An article by Deloitte outlined many insurers are still struggling to maximise the full value of their data, with research the consultancy conducted among insurance analytics specialists pointing to almost a dozen significant challenges preventing them from doing so. Significantly, this included a “leadership mindset that tends to think of data spending as short-term expenditures for isolated initiatives”, Deloitte said.

That deficit can afflict both small companies and extremely large ones. In some cases, start-ups are well ahead of the game in both data strategy and governance, being digital natives with chief technology officers often a vital part of their founding team. Bigger organisations may lack this type of discipline. However, I have known even insurtechs to be operating without a coherent data strategy.

Companies looking to determine their data strategy need first to step back and ask themselves what their overall business objectives are. Once they are clear about that, they need to understand what information they are gathering and how it is being used – including the shape of their data stack, how external sources of data feed into it and whether parallel systems can be integrated.

Although initially daunting, implementing a data strategy becomes less intimidating if broken down into its component parts, with the steps necessary to achieve the end goal determined at the outset. Data security, the General Data Protection Regulation and any other relevant data protection frameworks must feature in the process, but data governance is just part of a data strategy, not a substitute for it.

Companies may be worried about the expense of this type of bottom-up review and the necessary modifications it will entail. They may also be tempted to rush it through to move on to something more immediately lucrative – but this would be a false economy. A considered approach underpinned by careful planning is essential.

Failure to adapt

A common failing is a company’s data strategy reflects its data acquisition and use perspective as of five or 10 years ago, whereas its situation will have changed radically in the interim. A mid-sized Lloyd’s carrier may have undergone a thorough overhaul and established a data lake and warehousing at the cost of many millions of pounds.

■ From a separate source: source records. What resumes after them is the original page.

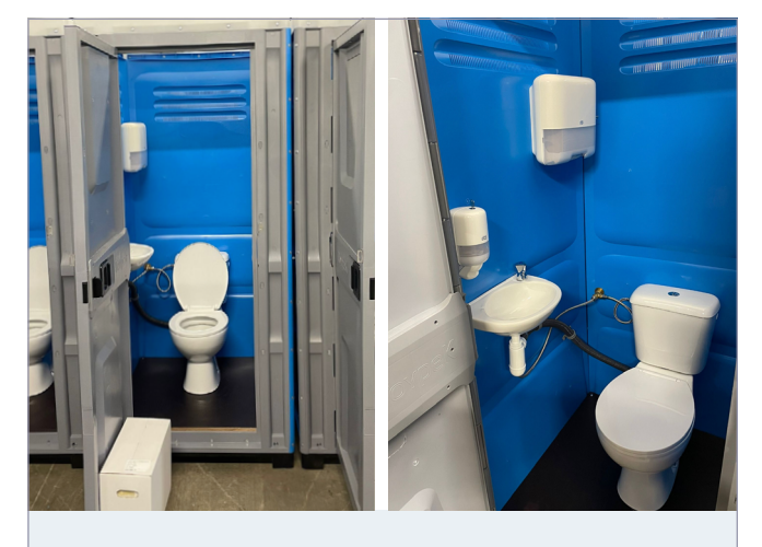
Mobile sanitairy unit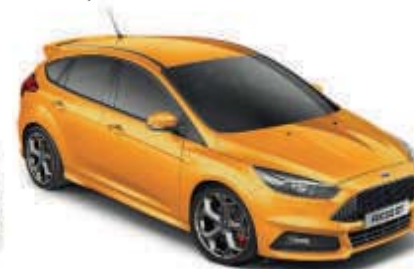
Tangerine Scream** Tri-coat body colour †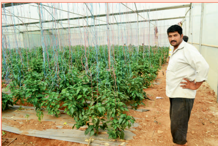
Revival of capsicum plants after application of the formulation of bio-agents

Nematologists at IIHR, Bengaluru standardized successful management strategies of nematodes and other disease complex using bio-pesticides like Paecilomyces lilacinus , Pochonia chlamydosporia , Trichoderma harzianum , T. viride and Pseudomonas fluorescens . Farmers who adopted IIHR technology reduced the use of agro-chemicals to 40 to 45% and obtained 30 to 35% increased yields in capsicum, gerbera and carnations.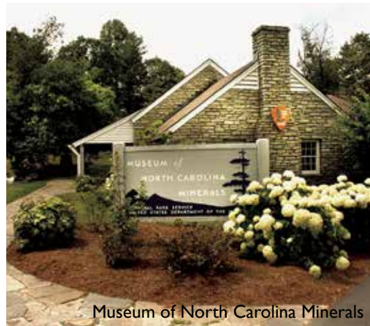
Museum of North Carolina Minerals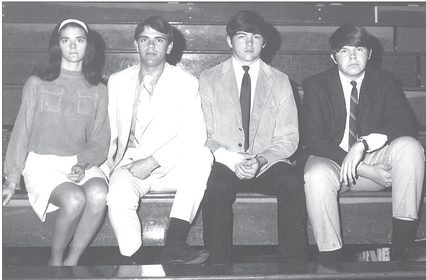
DO YOU RECOGNIZE this week’s Back in the Day photo? If so, drop us a note at The Journal. Your efforts will be rewarded.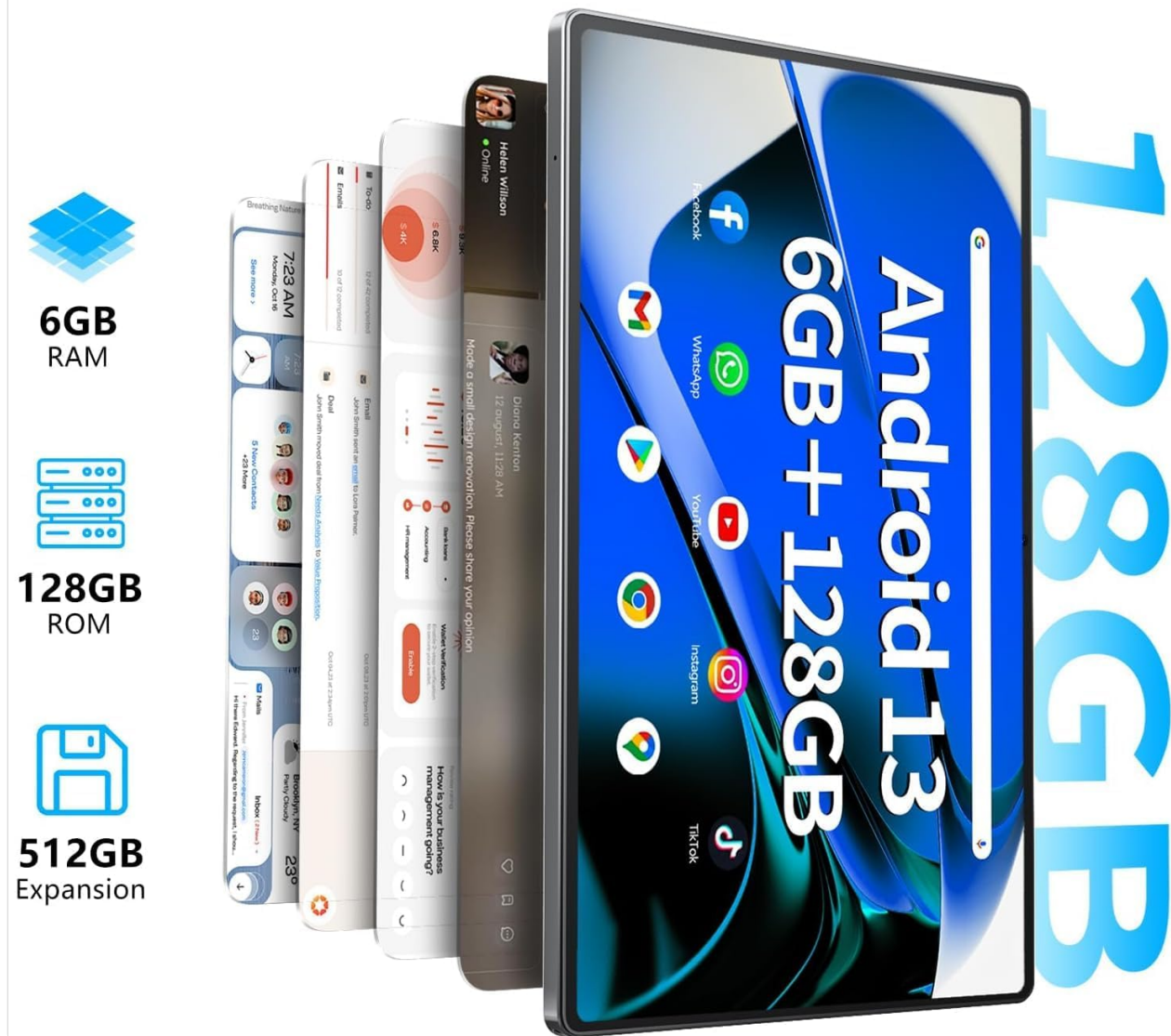
Image: Visual representation of the tablet's memory specifications, highlighting 6GB RAM, 128GB ROM, and support for up to 512GB external storage expansion.

But the subsequent introduction of various pieces of low-code software means its data has once again become impossible to track.

The challenges of a given data strategy will change with an individual company’s development and with technological advancements in general, which means it is important for any data strategy to adapt to such changes.

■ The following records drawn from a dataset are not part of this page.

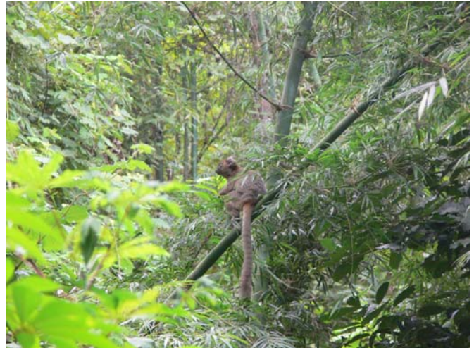
Figure 5. A greater bamboo lemur in a stand of the endemic bamboo Valiha diffusa surrounding the Andriantantely lowland rainforest, October 2011.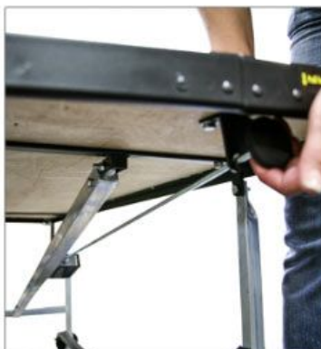
Step 5: Release Lock

Place right hand on the frame. Labels on the riser unit show recommended placement.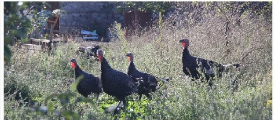
Impressionen von unterwegs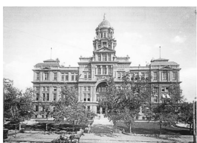
Denver Co., Colorado Location: Denver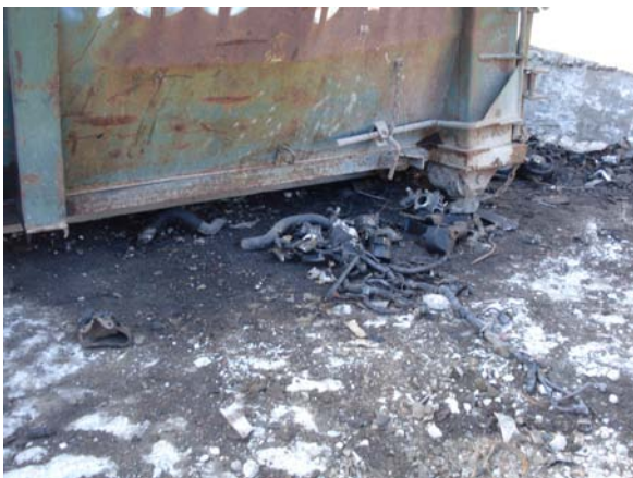
Figure 15 - Petroleum release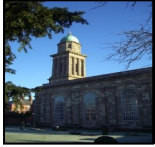
St Mary Magdalene Bridgnorth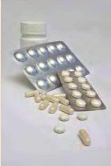
Aspirin use could prevent cancer by a quarter

Taking a regular low dose of aspirin could prevent head and neck cancers by almost a quarter, according to new research. The results of the study, published in the British Journal of Cancer, concluded that people were almost a quarter (22 per cent) more likely to avoid developing head and neck cancers if they took aspirin on a weekly and monthly basis. Throat cancers had the most benefit from regular aspirin use.

At Lloyd’s, the standardisation entailed in the creation of the Core Data Record under Blueprint Two is a move in the right direction, although elements of the programme inevitably have their detractors. Overall, it will facilitate the development of coherent data strategies by providing more certainty.

However, each company individually must still be clear about where it is going and why. It is also vital senior managers without particular tech expertise are involved in the process and have a clear sightline of how data can help them achieve their overall aims. Ultimately, having the right data strategy – including sound data governance – will separate the re/insurers who thrive from those who will struggle to achieve a competitive edge.